Ben Bacarisse wrote:
....

Hmm... I would argue that (void *)&obj must still be a pointer to the
object 'obj' ...

That's a fine thing to argue; do you have a supporting citation from the
standard? We all "know" that it is true, but as far as I can see the
standard does not explicitly say so.

 

[lawrence.jones]

There's been lots of discussion about the following quote from me:

| I'm not aware of any definition (or even description) of the C language
| that said that taking the address of an array was equivalent to taking
| the address of the first member of the array.

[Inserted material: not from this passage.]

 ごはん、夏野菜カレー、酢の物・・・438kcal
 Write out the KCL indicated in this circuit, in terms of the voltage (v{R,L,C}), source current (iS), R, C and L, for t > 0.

This quote has been taken out of context and seriously misinterpreted.
It was part of a discussion of ancient (pre-ANSI) C compilers that
simply ignored & when applied to an array. Such compilers interpreted
&a as a, which is in turn interpreted as &a[0] in value contexts. The
above quote was my saying that I know of no justification whatsoever for
that behavior. It has nothing to do with ANSI/ISO C.

-- Larry Jones

I'm getting disillusioned with these New Years. -- Calvin

 

[Ben Bacarisse]

Ben Bacarisse wrote:
...

That's a fine thing to argue; do you have a supporting citation from
the standard?

No. Please, if the argument is not enough for you (and I agree it is
shaky) then file a DR. memcpy is miss-used all over the place if the
conversion to void * is not defined how we expect it to be. At least
one example of memcmp in the standard is wrong without this argument.

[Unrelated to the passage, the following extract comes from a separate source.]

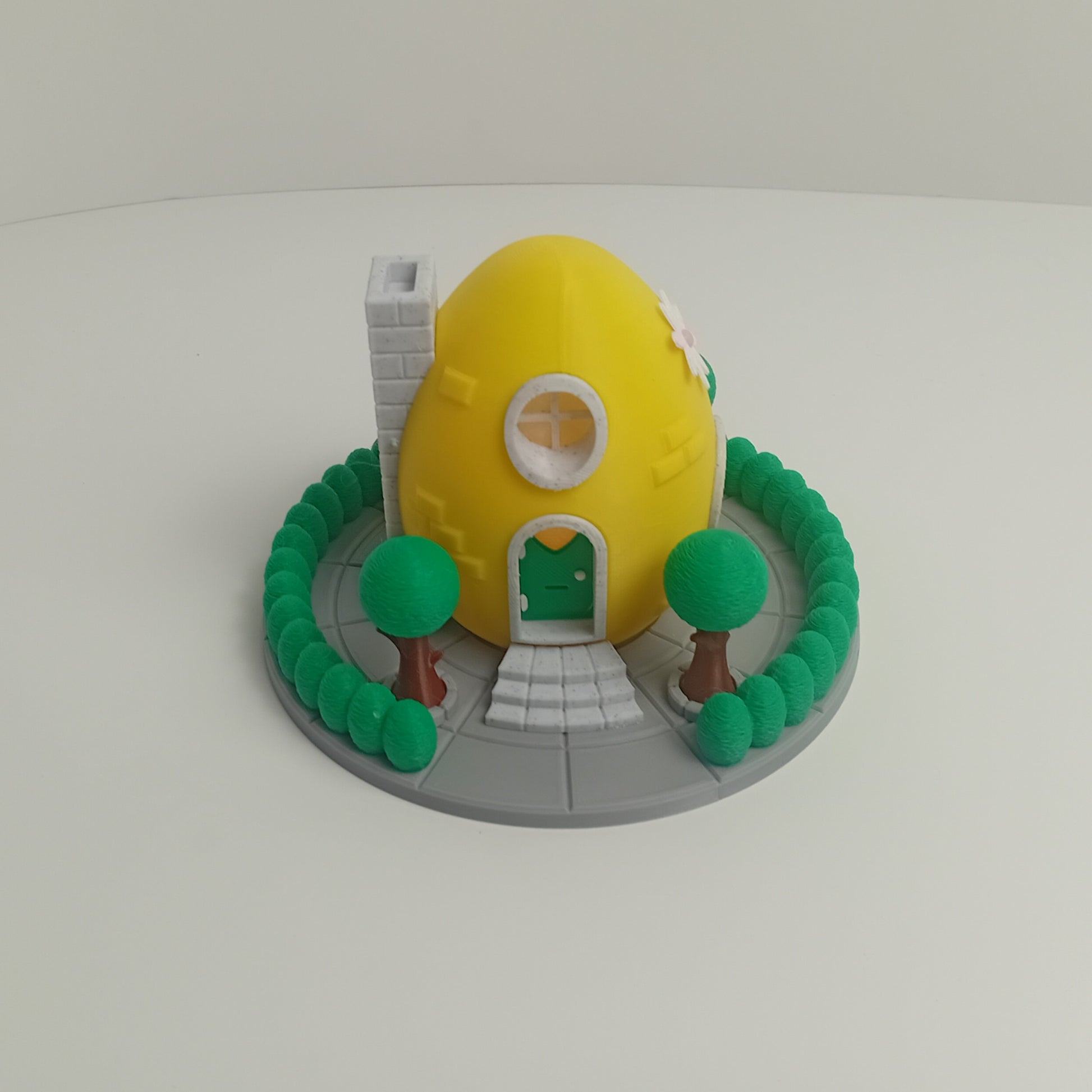 Make a whimsical addition to your garden with this fairy house that looks like an egg! The egg is removable so you can place a tea light inside. The house comes in yellow, blue or pink! Tea light not included with product.

We all "know" that it is true, but as far as I can see
the standard does not explicitly say so.

And I, too, would be happier if it did. However, I think one is
permitted, at times, to say "what else could it be?". I agree that it
*could* be pointer to the object pointing somewhere other than the
beginning (which is why the rest of my argument is required) but to
assume that a permitted pointer conversion might make a pointer that
does not point to the same object (not place, just object) is taking
literalism further than I would.

 

[jameskuyper]

No. Please, if the argument is not enough for you (and I agree it is
shaky) then file a DR.

The last time I checked, it seemed to me that to file a DR you had to
be a member of the C committee (or, more precisely, a member of one of
the national bodies who are the members of the C committee). i haven't
sufficient free time to spare for committee membership
responsibilities. I've raised this issue before on comp.std.c, with
several members of the committee listening in, but I didn't inspire
enough interest to get one of them to file a DR.

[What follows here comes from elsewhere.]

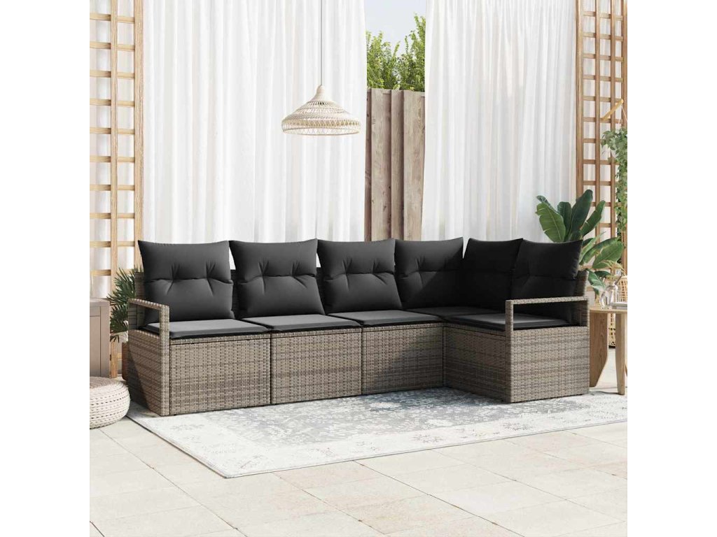 Sada zahradních pohovek s polštářem s úložištěm 5 pcs Šedá 3355048

That's not quite true: the committee member most interested was one
who routinely reads into the text of the standard promises that aren't
actually present, saying that the intent was clear, and that only
someone with malicious intent could possibly interpret the words of
the standard in a way inconsistent with the "obvious" intent. He calls
this "common sense"; I call it "reading the minds of the committee
members"; either way, whether it's common sense or mind-reading
abilities; it's something I clearly lack. His interest in the issue
was strong, but only in the negative sense, so he's not likely to file
such a DR.

 

[jameskuyper]

The result is not dereferencable, so it doesn't have to point
anywhere (although it probably does). It just has to hold enough
information to allow it to be converted back to the original type
on demand.

There's two problems with that interpretation. First of all, the
results of == and != on void* operands is defined in terms of what
those pointer values point at. Taking the standard's lack of
definition literally, this implies that void* values can never be
usefully compared.

The second problem has to do with the fact that the standard requires
that void* have the same representation as a pointer to a character
type. That is, the same bit pattern indicates the same location in
memory, regardless of whether it's the bit pattern of a void* or a
pointer to a character type. The standard fails to identify where the
result points when a pointer to one type is converted to a pointer to
a different type. If that were intentional, it would render the "same
representation" requirement meaningless, or at least useless.